The Complete Guide to Squats

Squat exercises target the quadriceps, hamstrings, glutes, and calves. They are essential for building lower body strength and functional fitness.

Equipment Needed

  • None or a resistance band for added resistance.

Video Demonstration

General Form Cues

  • Starting Position:

    • Stand with feet shoulder-width apart and toes slightly pointed out.
    • Keep your chest up, shoulders back, and engage your core.
    • Avoid: Letting your knees cave inward.
  • Descent Phase:

    • Push your hips back and bend your knees, lowering your body as if sitting in a chair.
    • Keep your weight on your heels and go as low as your flexibility allows.
    • Avoid: Leaning too far forward or rounding your back.
  • Ascent Phase:

    • Drive through your heels to return to the starting position, squeezing your glutes at the top.
    • Avoid: Losing balance or shifting weight to your toes.

Squat Exercises Beginner Progressions:

  • Bodyweight Squats: Focus on proper form, ensuring that the knees don’t go beyond the toes. This is an excellent starting point for beginners to build foundational strength and technique.

  • Assisted Squats: Using a wall or a sturdy object for support, assist yourself as you lower into the squat. This helps build confidence and ensures safety while developing strength.

Squat Exercises Advanced Progressions:

  • Jump Squats: Add a plyometric element by jumping explosively from the squat position, enhancing power and explosiveness.

  • Bulgarian Split Squats: Performed with one foot elevated behind you, this single-leg squat targets the quads, hamstrings, and glutes while improving balance and stability.

  • Sissy Squats: A unique squat variation that emphasizes the quads. Lean back while bending your knees, keeping your heels off the ground to isolate the quadriceps.

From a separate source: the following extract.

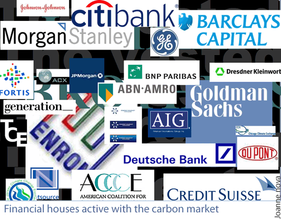 El mercado mueve nada menos que 92.000 millones de euros según Reuters y participan en él decenas de honorables compañías (ver imagen del blog de Jo Nova) .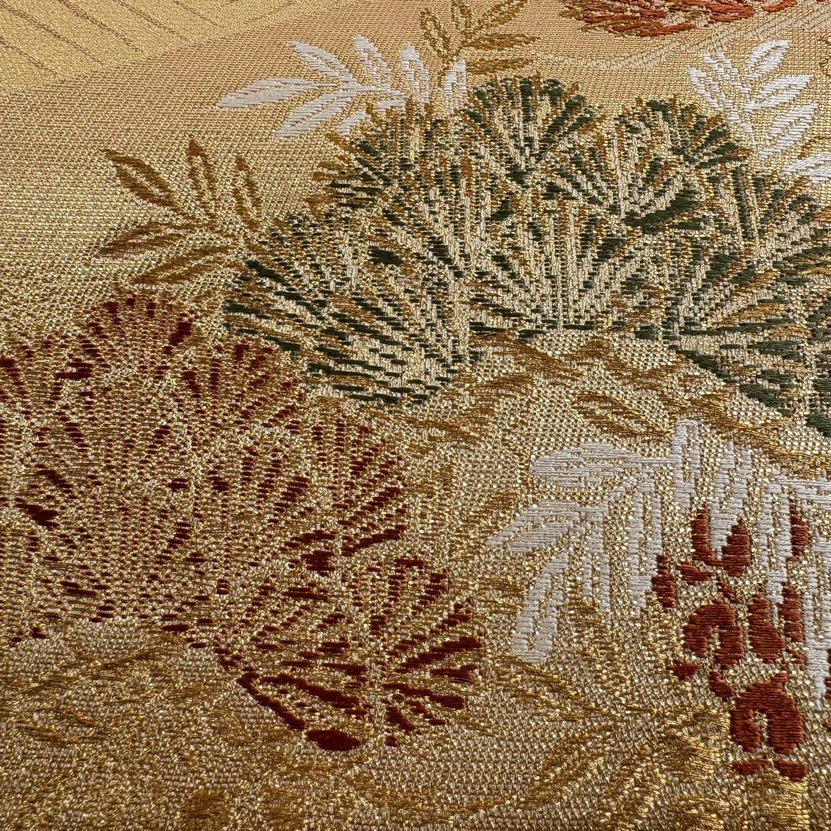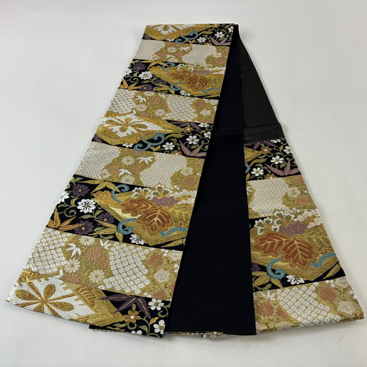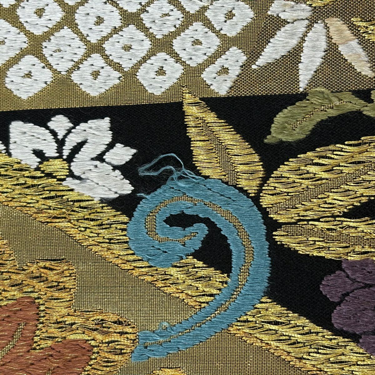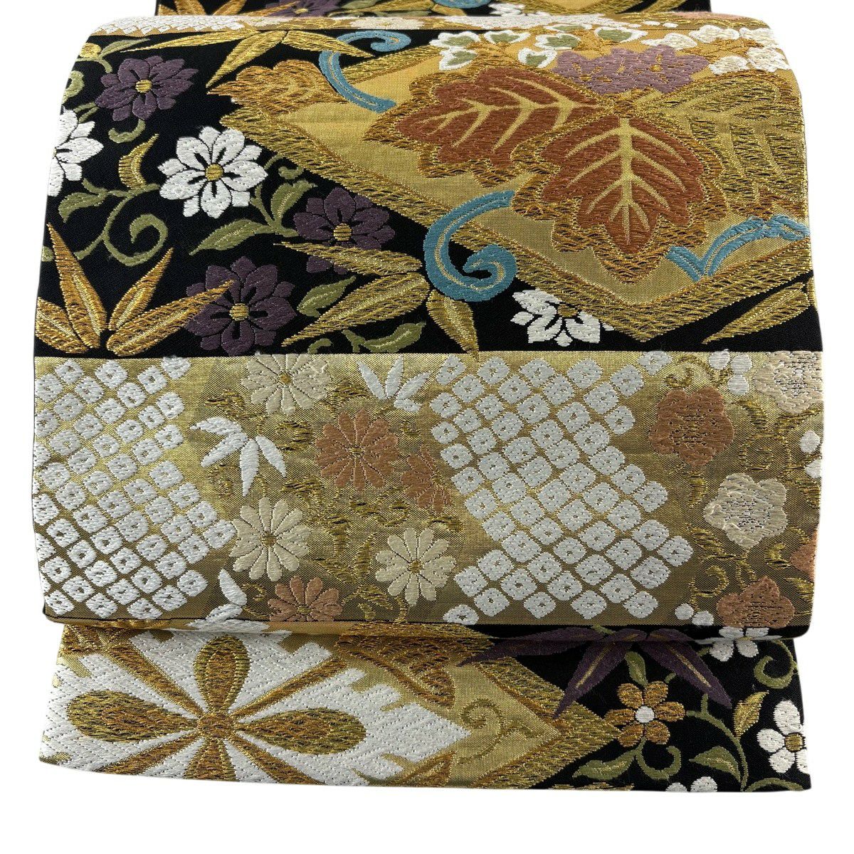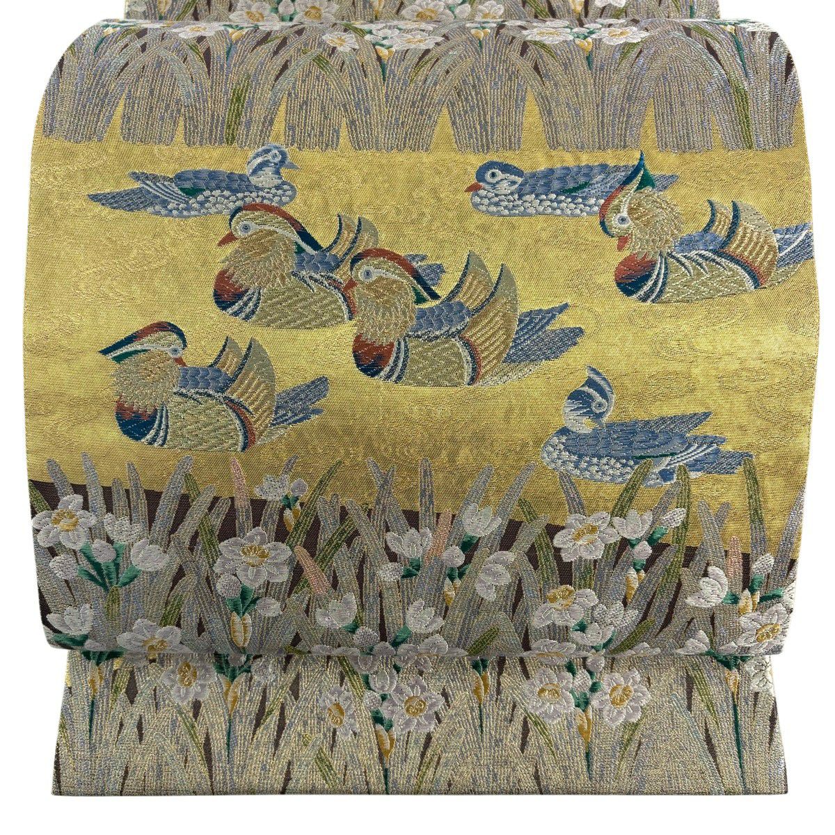 袋帯 秀品 鴛鴦 草花 箔 金色 六通 正絹

  • Shrimp Squats: Another single-leg squat variation where one leg is extended back while the other leg squats down. This requires balance, flexibility, and strength.

  • Pistol Squats: A single-leg squat that requires strength and balance, challenging stability and coordination.

  • Barbell Squats: Considered the best option if you have equipment available, as they allow for greater load and muscle engagement compared to bodyweight exercises. With proper form, barbell squats can effectively build strength and size in the lower body, while bodyweight exercises may have limited resistance for advanced lifters.